| What the exercise asks |
Pictures in the listing below are skipped, while the lines from the "材料:虾仁250克,大蒜半头,山茶油适量,甜辣酱适量" line through the "Курочка по этому" line are returned word for word.
==== Available records ====
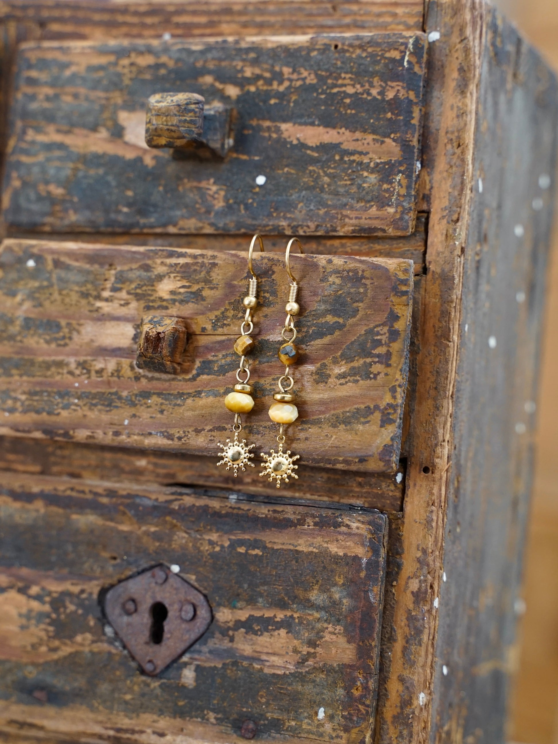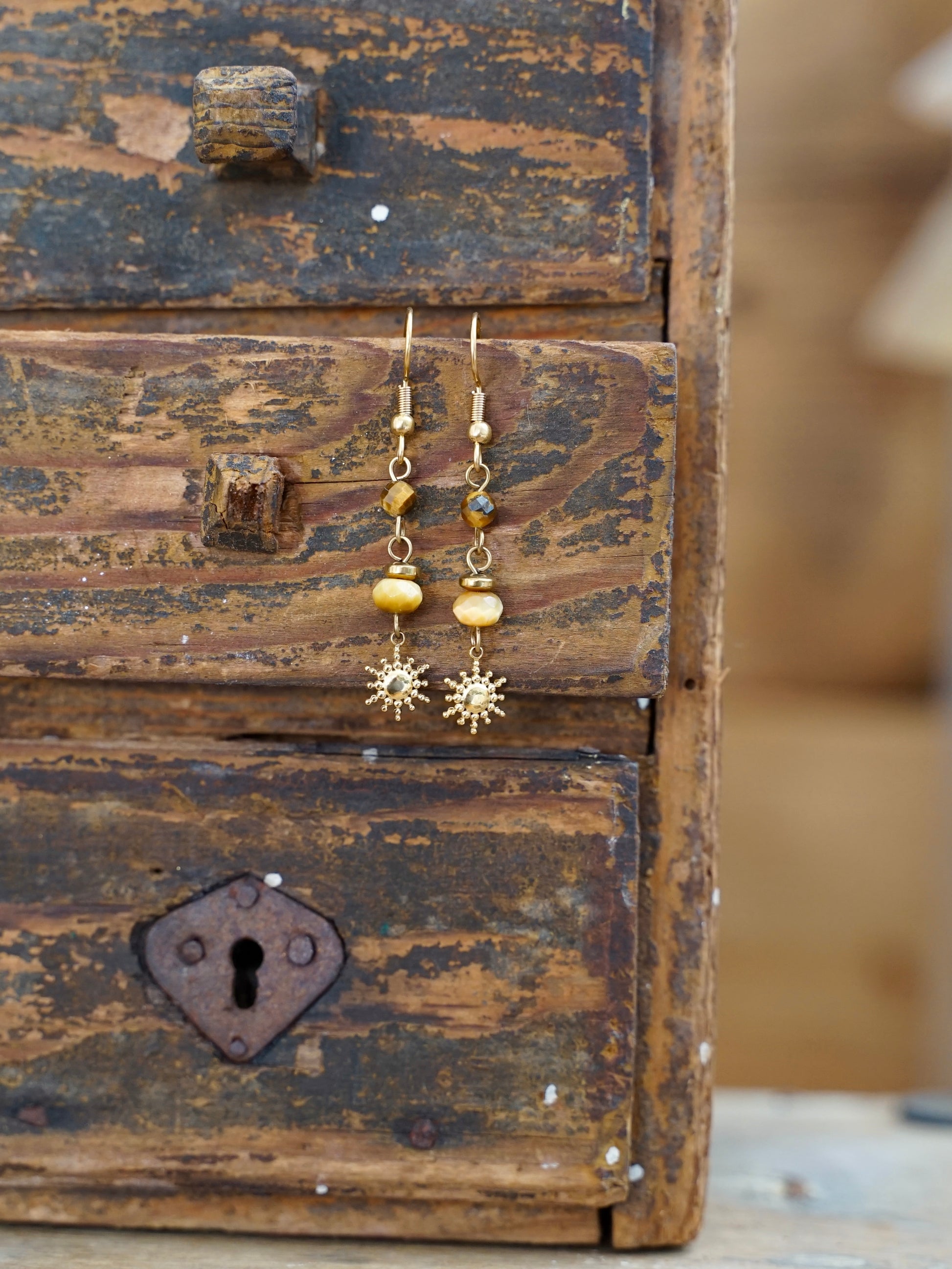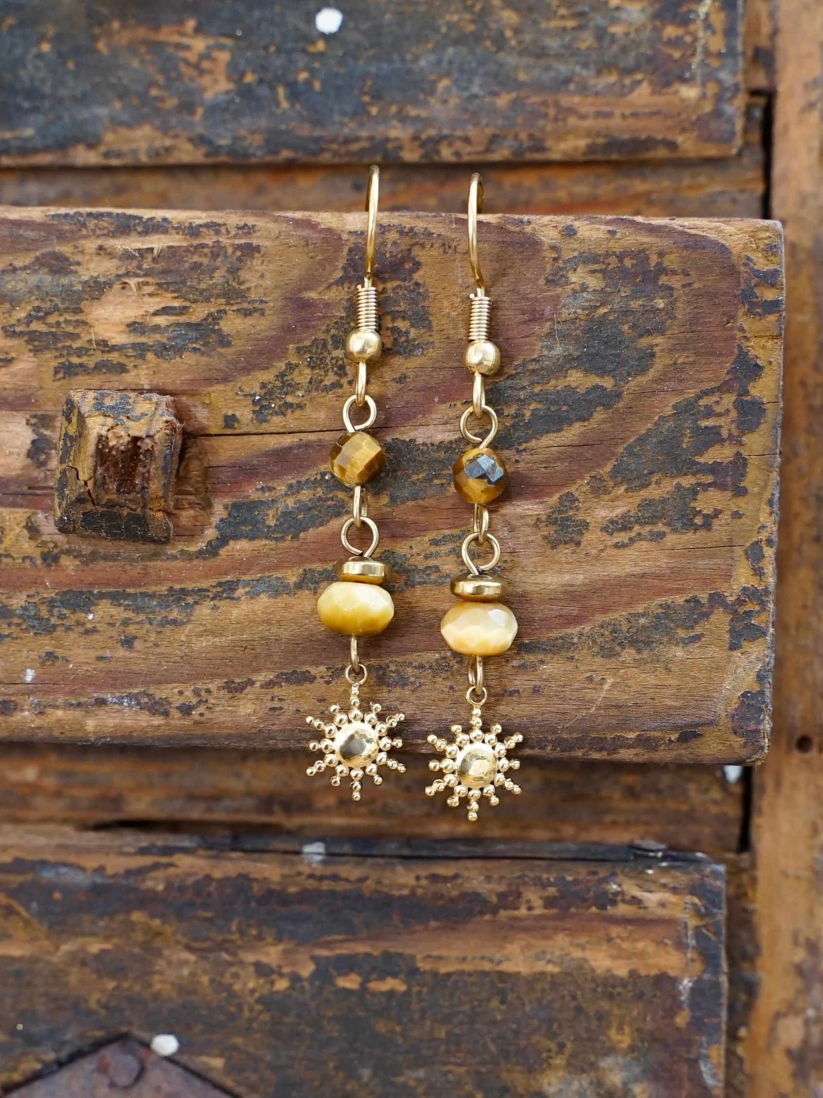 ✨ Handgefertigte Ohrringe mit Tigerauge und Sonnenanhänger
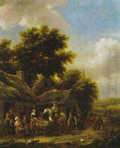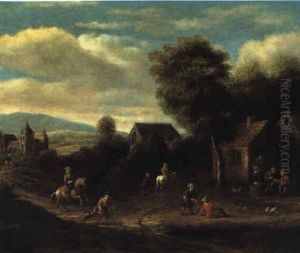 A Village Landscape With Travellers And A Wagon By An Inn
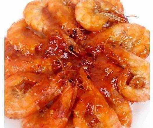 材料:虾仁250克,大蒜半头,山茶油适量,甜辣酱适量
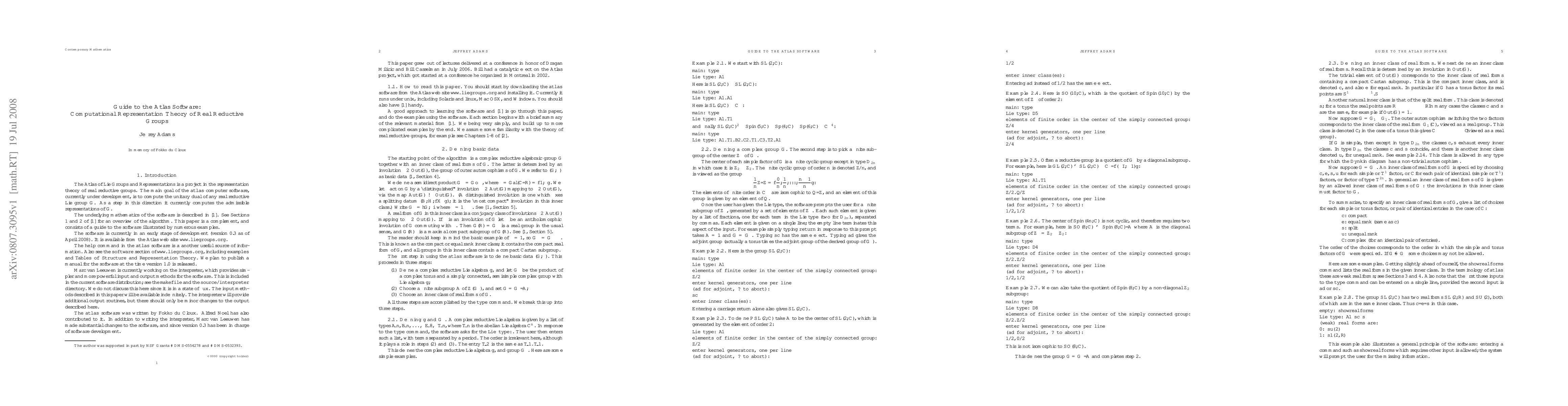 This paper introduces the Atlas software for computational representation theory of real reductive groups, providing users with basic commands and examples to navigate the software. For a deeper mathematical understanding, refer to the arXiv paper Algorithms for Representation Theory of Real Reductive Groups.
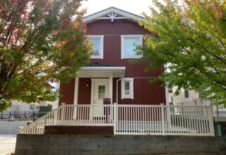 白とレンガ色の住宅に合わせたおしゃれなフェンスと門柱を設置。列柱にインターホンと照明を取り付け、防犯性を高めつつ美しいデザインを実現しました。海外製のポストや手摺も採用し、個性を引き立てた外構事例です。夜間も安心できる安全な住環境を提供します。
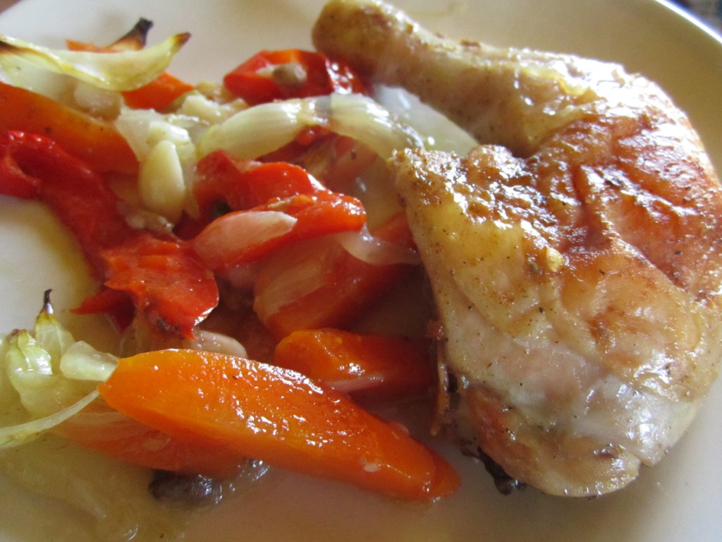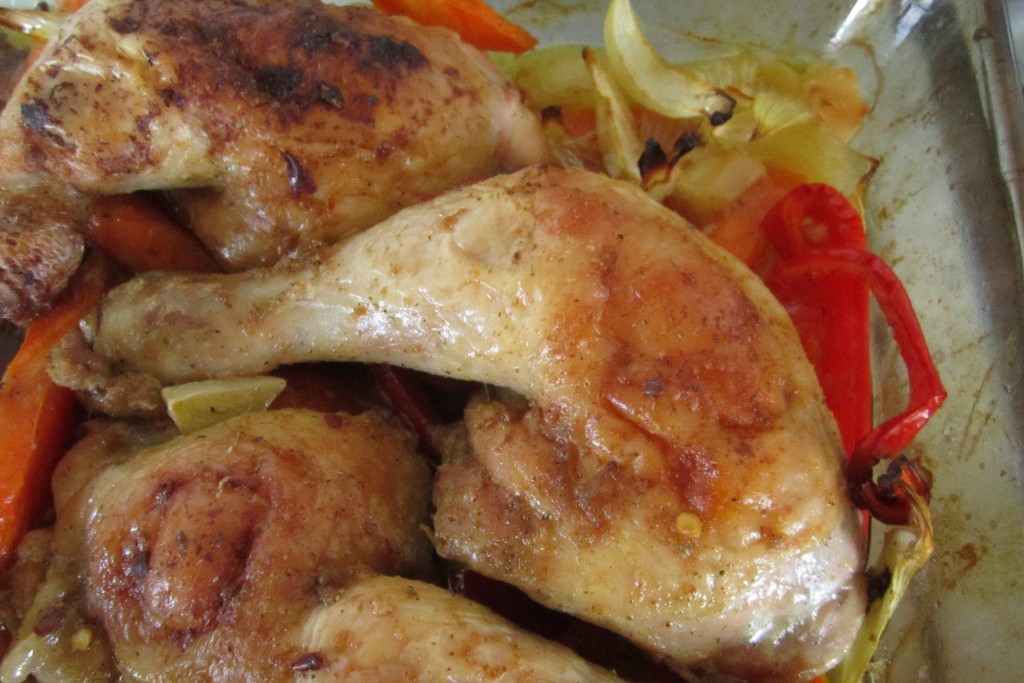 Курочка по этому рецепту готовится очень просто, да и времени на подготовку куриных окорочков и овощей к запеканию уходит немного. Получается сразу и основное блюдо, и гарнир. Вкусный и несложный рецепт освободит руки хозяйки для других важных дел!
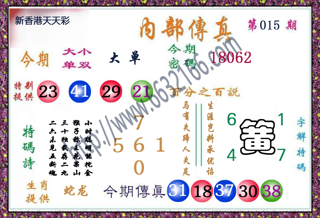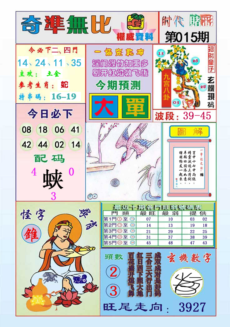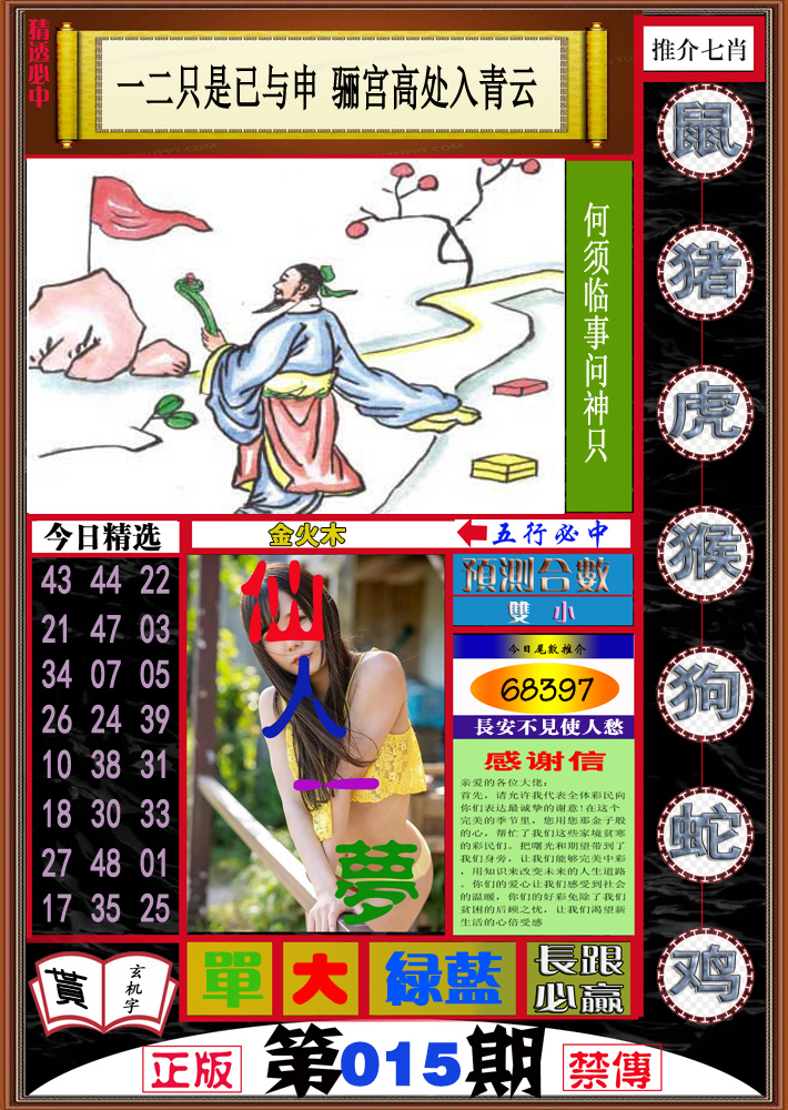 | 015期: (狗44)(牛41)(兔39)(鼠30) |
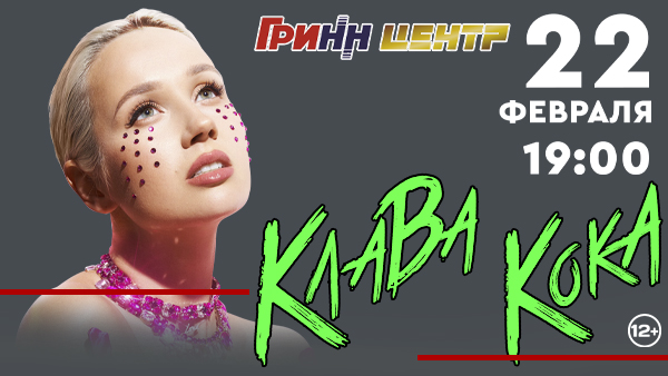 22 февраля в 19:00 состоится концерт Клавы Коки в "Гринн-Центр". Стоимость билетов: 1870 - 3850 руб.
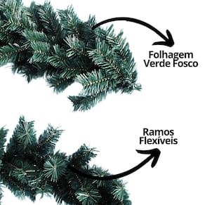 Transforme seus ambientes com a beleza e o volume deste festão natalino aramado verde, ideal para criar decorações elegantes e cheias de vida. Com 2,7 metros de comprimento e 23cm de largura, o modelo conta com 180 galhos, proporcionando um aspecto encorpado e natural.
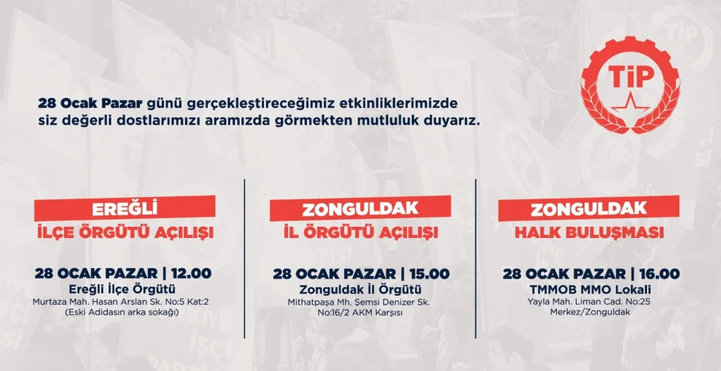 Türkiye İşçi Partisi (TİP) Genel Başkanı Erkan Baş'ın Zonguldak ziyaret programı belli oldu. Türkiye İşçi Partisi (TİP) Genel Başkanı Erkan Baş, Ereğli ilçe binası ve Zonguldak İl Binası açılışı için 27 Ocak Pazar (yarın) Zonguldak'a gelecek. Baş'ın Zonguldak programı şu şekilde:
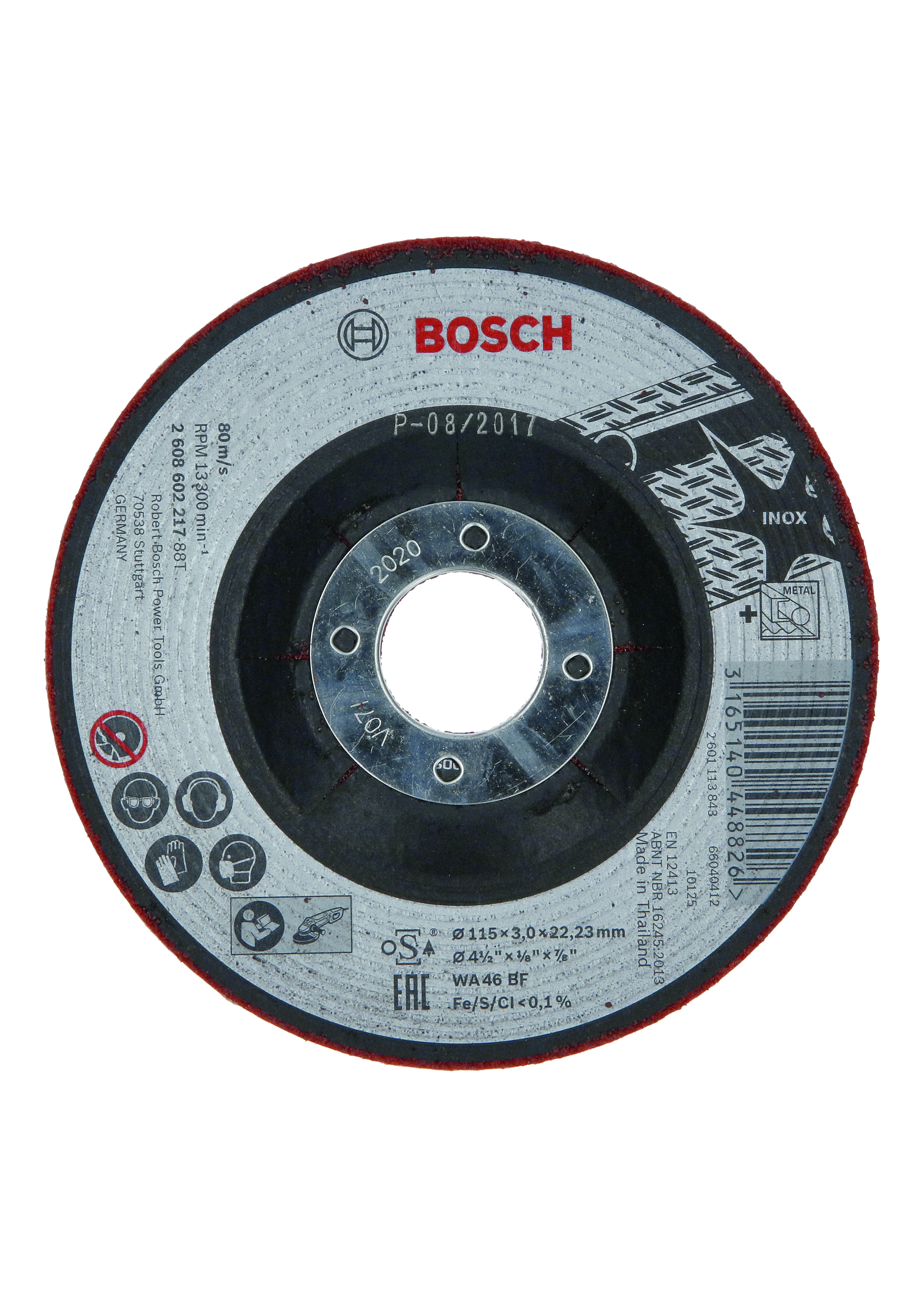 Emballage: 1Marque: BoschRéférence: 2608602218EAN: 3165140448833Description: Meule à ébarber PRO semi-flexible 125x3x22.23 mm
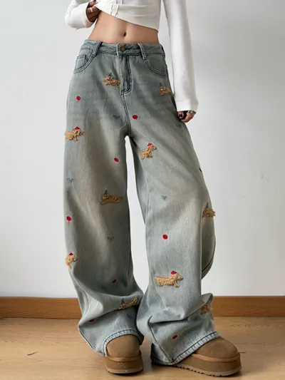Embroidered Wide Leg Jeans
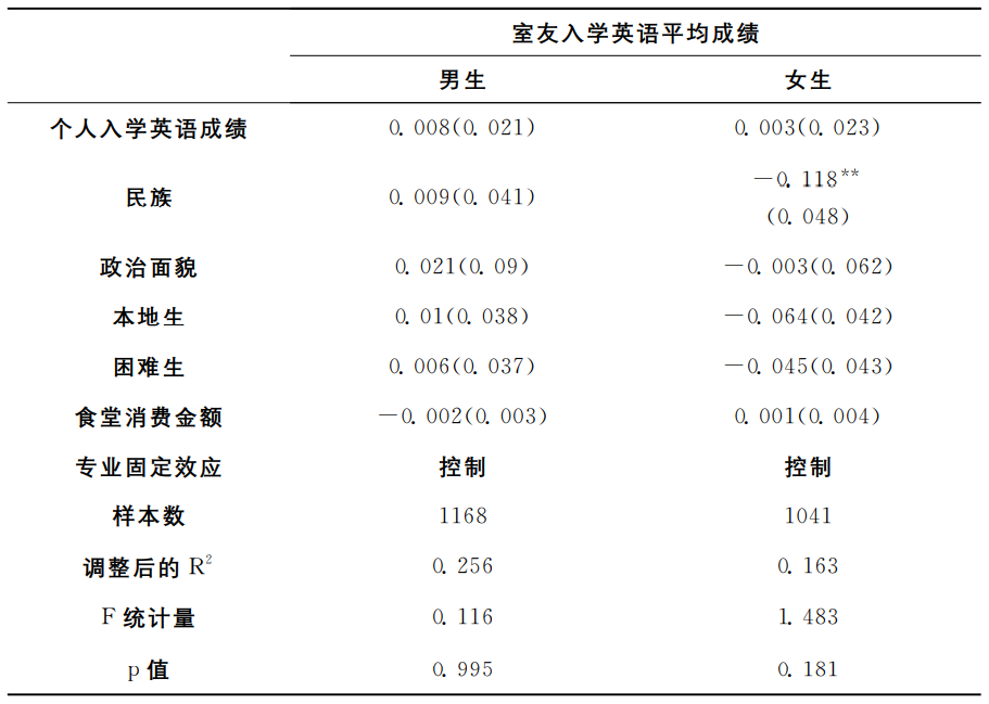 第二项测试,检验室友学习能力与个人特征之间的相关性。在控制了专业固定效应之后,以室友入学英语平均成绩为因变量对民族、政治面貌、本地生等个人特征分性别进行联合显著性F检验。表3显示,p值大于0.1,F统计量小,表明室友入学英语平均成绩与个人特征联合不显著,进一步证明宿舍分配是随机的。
====
| Result |
 材料:虾仁250克,大蒜半头,山茶油适量,甜辣酱适量
 This paper introduces the Atlas software for computational representation theory of real reductive groups, providing users with basic commands and examples to navigate the software. For a deeper mathematical understanding, refer to the arXiv paper Algorithms for Representation Theory of Real Reductive Groups.
 白とレンガ色の住宅に合わせたおしゃれなフェンスと門柱を設置。列柱にインターホンと照明を取り付け、防犯性を高めつつ美しいデザインを実現しました。海外製のポストや手摺も採用し、個性を引き立てた外構事例です。夜間も安心できる安全な住環境を提供します。
 Курочка по этому рецепту готовится очень просто, да и времени на подготовку куриных окорочков и овощей к запеканию уходит немного. Получается сразу и основное блюдо, и гарнир. Вкусный и несложный рецепт освободит руки хозяйки для других важных дел!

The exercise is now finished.